Joe’s connection to the foreign service was through William J. Cunningham, former director of UST’s Center for International Studies.
“He had a distinguished diplomatic career in the U. S. Foreign Service, and I benefited tremendously from his insights into that world,” Joe said.
Joe said, although it can be deeply rewarding, the foreign service is not the right career path or lifestyle for everyone.
“You may be asked to serve in a number of dangerous places in the world, perhaps without your family,” Joe said. “You may have to pursue the interests of the United States with fewer resources at your disposal.”
As their assignments take the couple and their two children around the world, Lauren said her studies at St. Thomas have given her the skills to work in many areas, as her job changes each time Joe has a new assignment. Certified in bilingual education, she has taught for 15 years, mostly in Spanish immersion programs at the early childhood level.
“I am most proud of my teaching career,” Lauren said. “I have been able to apply the skills essential to this career to other positions in posts where teaching is not a viable option.”
In addition to jobs in education, she worked as a consular associate in Argentina, adjudicating non-immigrant and immigrant visas, and she works presently as a community liaison officer in Vancouver, assisting consulate families as they transition to their lives in Canada or return to the United States.
Lauren has had the chance to learn quilting in Korea, be part of a Gaelic choir in Buenos Aires and visit the shrine of the Virgin of Guadalupe in Mexico City.
“Being a foreign service family is challenging, but also provides many opportunities,” Lauren said. “Adapting to new homes and new cultures and leaving behind friends is difficult, but the experiences my family has had are invaluable. To see your own country through the eyes of the citizens of other countries is eye opening.”
Center for International Studies Makes Foreign Service Connection
The University has a history of preparing students for careers in international relations and diplomacy. Joe Salazar is one of four alumni who have become U.S. foreign service officers, three of them from the Center for International Studies.
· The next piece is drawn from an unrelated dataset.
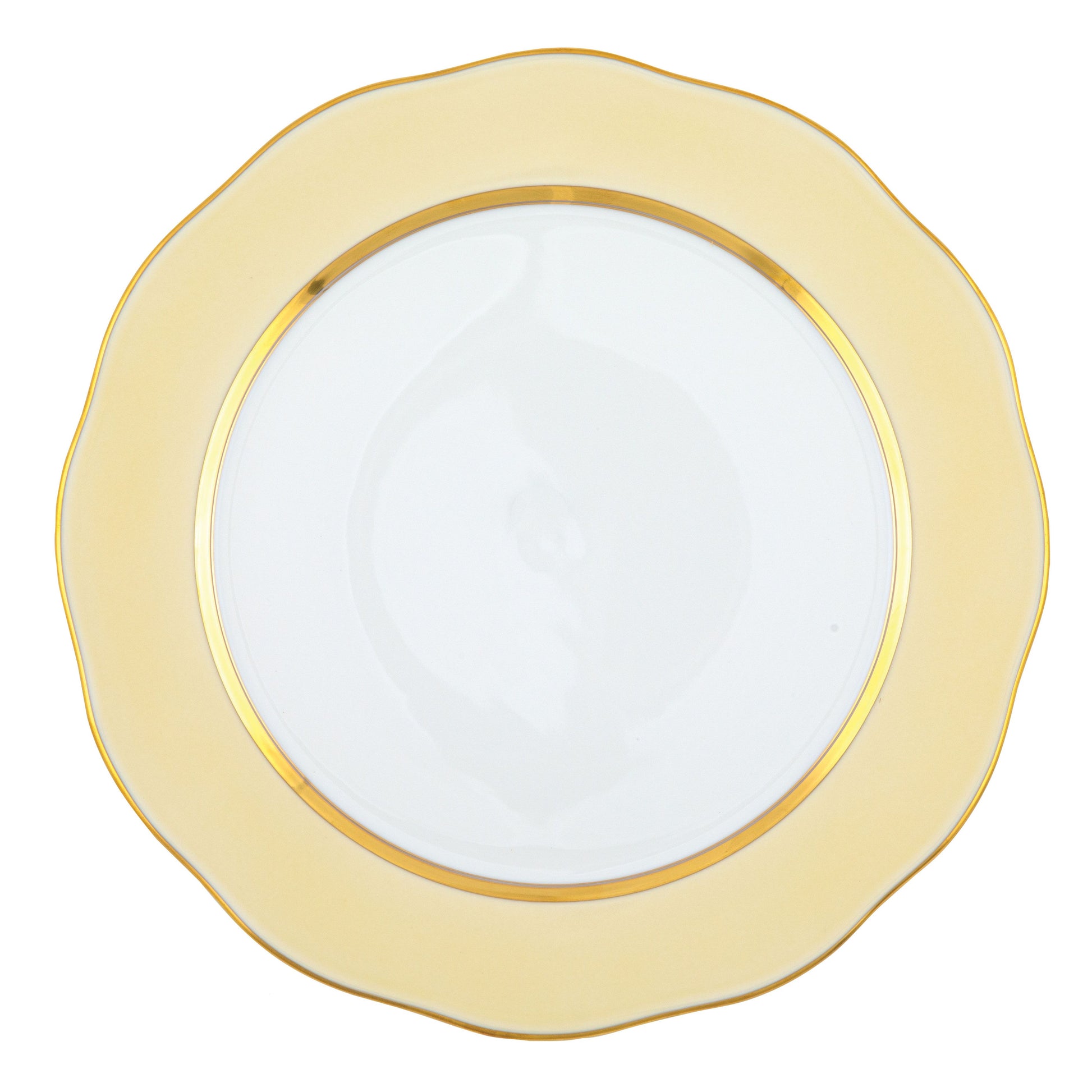 The Herend Silk Ribbon collection features a solid color border with gold detailing around the inner and outer rim and a scalloped shape. This versatile pattern can easily be paired with other collections or used on its own. Hand wash recommended and not microwave safe.

The Center recently announced a new partnership with the American Foreign Service Association in Washington, D.C., to promote and deepen public understanding of U.S. diplomacy, and the Center will launch a new “Distinguished Diplomat” lecture series with Ambassador John Negroponte at 6:30 p.m. on March 21 at La Colombe D’Or Ballroom, 3410 Montrose Blvd.
Joe said the partnership is a great opportunity to advance the public understanding of U.S. diplomacy.
“It is also a key component in increasing the understanding among the next generation of U.S. diplomats of the role of the United States in a rapidly changing global landscape, and developing the necessary skills and abilities to meet the international challenges and opportunities facing our nation,” he said.